Chris
Actually, we can *also* measure information by means of the probability of
the message in comparison to all possible messages. Thus, a law may be said
to have *high* information content because, on an a priori basis, the
probability of any particular law is nearly zero. The a priori probability
of the law of gravitation is very low. So, reducing so many different and
different types of observations to this law is extremely informative. And
yet, ironically, one of the purposes of formulating laws like the law of
gravitation is to reduce the information-load on the human mind, by enabling
us to have one relatively simple law instead of zillions of observations in
our minds.
Look at it this way: Imagine someone gives you a law that explains in a
simple and elegant way how to calculate a persons phone number from his
name.

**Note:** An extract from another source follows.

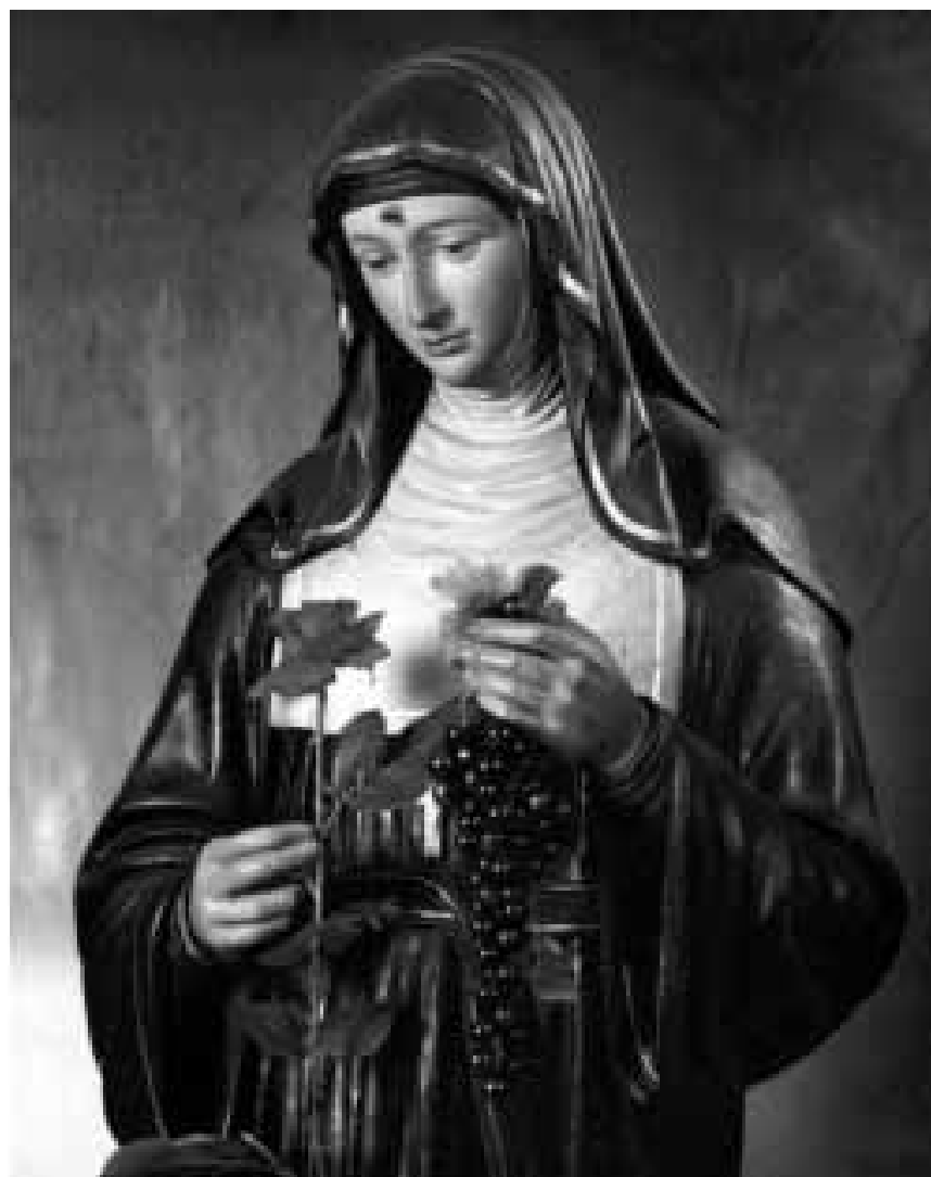
« Glorious Bodies » propose un dialogue sur l'iconographie entre deux artistes, Jacques Charlier et Sophie Langohr - issus de deux générations, - à l'Ikoba à Eupen, encore jusqu'au 13 juillet.

If it worked universally, you'd be surprised as all get out. But, if I
tell you that one object and another, distinct object are two objects, you'd
not be very surprised, because that's what you already expected (i.e., the
probability was very high, so the message was not surprising).
Thus, in one sense, a law of nature has small information content, but, in
another, it has high information content.
Further, if we express a law in the shortest algorithm, and compare it to an
equal-length string of random numbers, we find that the law and string of
numbers have the same information content; the law is no smaller in
information-content than the string of numbers of the same length.
Further still, we already know that simple laws and algorithmic processes
can generate extremely complex structures (e.g., the Mandlebrot set, for
example). If you look at a highly-detailed picture of the Mandlebrot set and
didn't know what the simple law was for generating it, you'd have to
represent it as a very large string of numbers. But, once you know, it
becomes a simple formula applied over and over for each pixel.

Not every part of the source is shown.